Financial and fintech advisory deVere Group is among those making such bullish predictions, citing Bloomberg analysts who forecast bitcoin to reach US$20,000 in 2020.
"Investors will increase exposure to decentralized, non-sovereign, secure digital currencies, such as bitcoin, to help shield them from the potential issues in traditional markets,” Nigel Green, chief executive of deVere Group, said in a recent statement.
It’s entirely possible. Bitcoin came within a hair of reaching US$20,000 in December, 2017.
Mr. Green contends there are several catalysts for price appreciation this year: The COVID-19 pandemic is increasing demand for digital currencies; central banks’ quantitative-easing programs will devalue traditional currencies; people will use digital currencies as a “hedge" against future inflation; and geopolitical risks such as the U.S.-China trade war, Brexit and the U.S. presidential election will also buttress bitcoin’s value.
“Globally, we have seen client interest in bitcoin, and other cryptocurrencies such as ETH [ethereum], spike since the beginning of May," Mr. Green said.
That’s all well and good for legitimate players, but there’s no doubt that fraudsters will also see this as an opportune time for a shakedown.
Although the OSC has taken pains to suggest that Quadriga is “an extreme example” and not necessarily representative of the broader crypto industry, it’s apparent Mr. Cotten’s victims hadn’t the faintest idea of the risks. It’s shocking that so many people around the world blindly entrusted Quadriga with their savings.
There’s a sucker born every minute.
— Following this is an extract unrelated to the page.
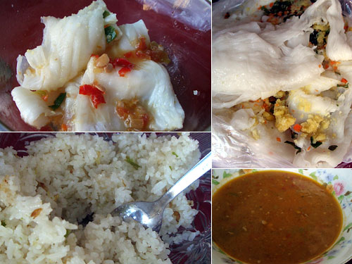 朝御飯でも食べようと朝7時半頃宿の1階におりると従業員のお母さんが他の従業員用に手作りの炊き込みご飯と買ってきた麺を用意していた。それを私たちにも振舞ってくれるという。麺は米のラザニア風で入り卵や葱や人参がまぶしてあり、これに納豆のような香りでやや甘辛いソースをかける。これもおいしいのだが、炊き込みご飯が絶品。揚げにんにくと葱と唐辛子と少しニョクマムと油かなぁ。嬉しかったなぁ。

Some people are desperate to make a quick buck, while others are seduced by dubious claims that digital currencies are safe-haven investments or somehow help humanity by creating a “moral economy." These folks are easy targets for crypto scammers.
The OSC deserves credit for investigating the Quadriga meltdown and making its findings public to warn investors about potential risks in the crypto market. But subtle threats of enforcement action from earnest securities regulators won’t make offending operators fall in line. There needs to be severe consequences for breaking the rules.
Mr. Cotten’s crimes were brazen. The moral of the Quadriga story is that curbing crypto crimes requires a dragnet, stiffer financial penalties and serious jail time. Securities regulators need to up their game and make the Gerald Cottens of this world shake in their boots.